In the circumstances, it is probably inevitable that the theatrical nature of the Requiem should be a principal matter for debate: Hans von Bülow famously referred to it as an ‘Oper in Kirchengewande’ (opera in ecclesiastical dress) even before its first performance. Such sentiments can only be strengthened by the knowledge that a duet for Carlos and Philip, discarded from Don Carlos during rehearsals in Paris, formed the basis of the ‘Lacrymosa’ section of the Dies irae. More operatic still is the manner in which the soloists occasionally take on what can only be called ‘personalities’. This is most noticeable in the final ‘Libera me’, in which the soprano, isolated from the other soloists, seems in active dialogue with both the chorus and the orchestra, for all the world like a beleaguered heroine trying finally to make sense of the world in which she has been cast.

On the other hand we should not exaggerate. The main theme of the ‘Lacrymosa’ may have originated in an opera, but it develops in a markedly different fashion, without the vocal contrasts that almost invariably fuel Verdian musical drama. In fact, none of the ensemble scenes or choruses (of which there is an unoperatic preponderance) remotely resembles the texture of their operatic equivalents, in particular by their frequent employment of contrapuntal writing and by the relative lack of differentiation between individuals. What is more, the levels of purely musical connection (particularly in motivic and harmonic gestures) are far greater than Verdi would have deemed appropriate in a drama, where contrast and tension between characters is so important a part of the effect.

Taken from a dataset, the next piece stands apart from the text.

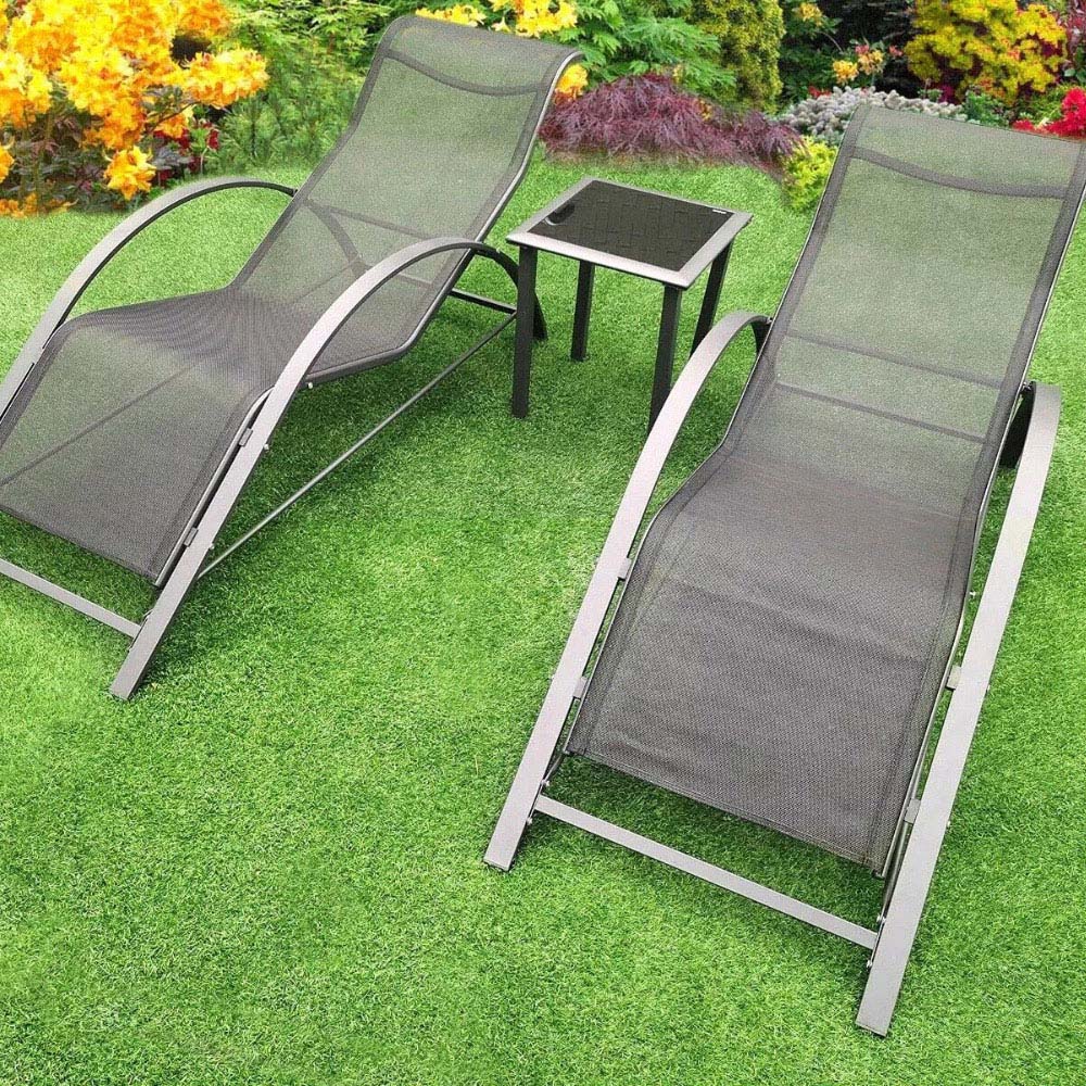 Experience relaxation in style and comfort this summer with this stunning set of two lounge chairs, complete with a side table. It’s the perfect spot to unwind with a book and keep a drink within reach. This set will be a delightful addition to any outdoor space, whether by the pool for catching some sun or in a shaded area for a leisurely afternoon of reading and relaxation. The lightweight construction allows for easy mobility, so you can effortlessly move the chairs wherever you need. It also comes with 170° recline and an adjustable headrest. Made with durable, quick-drying mesh fabric woven for strength, the sturdy steel frame ensures you feel stable and comfortable as you lounge in the sun. Setting it up is simple and quick; the set comes with clear, easy-to-follow instructions along with all the necessary fixtures and fittings. The unique combination of breathable, low-maintenance fabric on a durable steel frame offers maximum comfort and durability, inviting you to relax every time you use it.

But the presence of that counterpoint may perhaps recall those admonitions to future conservatory pupils, to study fugue rather than ‘modern [i.e. foreign or foreign-influenced] operas’, which might in turn recall that Verdi's original idea for a composite Requiem was as a celebration of Italian art and artists during a period he thought of as in cultural crisis: as he said in his first letter about the project, ‘I would like no foreign hand, no hand alien to art, no matter how powerful, to lend his assistance. In this case I would withdraw at once from the association’. In that sense, the decision to write a Requiem, and thus to celebrate through counterpoint a glorious era in Italy's musical past, makes the work as ‘political’ as any of the composer's operas.